Tokens qualifying as a "security" within the meaning of the WpHG are subject to capital market regulations applicable to securities, in particular prospectus requirements pursuant to the Securities Prospectus Act (Wertpapierprospektgesetz, "WpPG") or, as of July 21, 2019, the EU Prospectus Regulation (EU) 2017/1129 ("Prospectus Regulation") and trading regulations in accordance with WpHG and MiFID II (e.g., market abuse regulations such as the prohibition of insider trading). Further, depending on the specific business model, an BaFin's authorization under the KWG may be required as well.

In view of prospectus requirements, an intervention of the European legislator might be desirable: The current prospectus regime, including the one contemplated by the Prospectus Regulation that will be applicable as of July 2019, does not address the specific information needs of ICO investors. Accordingly, the European legislator should take the opportunity to complement the Prospectus Regulation by requiring blockchain-specific information providing answers to, for example, the following questions: How does the decentralized business model work? What is the underlying blockchain technology? Have the relevant smart contracts been audited? Which rights are associated with the tokens? On which secondary markets will the token be tradable, if at all? Which regulatory provisions apply?

How are Utility Tokens Classified?

Issuers who want to avoid being subject to any regulatory requirements usually claim their tokens to be "pure utility tokens." According to the Article, pure utility tokens entitle their owners exclusively to the acquisition of a real economy service or good and not to any financial compensation.

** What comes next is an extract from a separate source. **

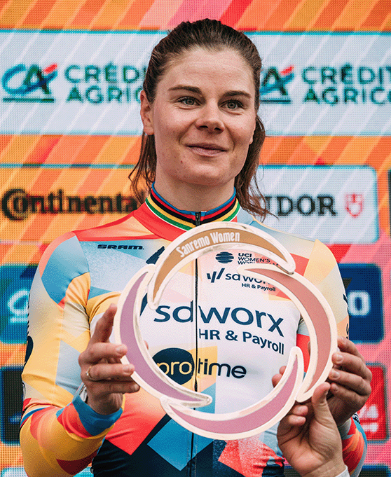 Under the Sanremo sun, Lotte Kopecky wrote a special chapter in the history of women’s cycling. The Belgian champion tackled a tough and tense race with clarity and courage, remaining right in the thick of the action right up to the decisive moment. On the straight stretch of Via Roma, she unleashed all her power, turning her team’s efforts into an unforgettable triumph. A victory of class, heart and determination, which crowns Kopecky this year’s queen of Sanremo Women.

Such pure utility tokens are usually not subject to any regulatory provisions. However, as stated above, utility tokens tend to have a hybrid nature and often combine elements of equity or payments tokens as well. For example, if a utility token also serves as a means of payment, it is likely to be qualified as a "unit of account" and therefore as a "financial instrument" within the meaning of the KWG. According to the BaFin article, it needs to be ascertained first whether the token qualifies as a payment token or as an equity token. Only if such assessment is negative would BaFin assume that the token qualifies as a pure utility token that does not entail any regulatory consequences.

Three Key Takeaways

  1. Although the BaFin article of August 2018 provides some additional clarity as to the regulatory classification of so-called "utility tokens," companies envisaging an ICO should seek legal advice in order to avoid any risks.
  2. Participants should allow sufficient time for contacting BaFin to clarify questions relating to the applicability of regulatory requirements.
  3. Legislative initiatives and administrative practice in view of ICO and token regulation are likely to evolve, so market participants should closely monitor further developments.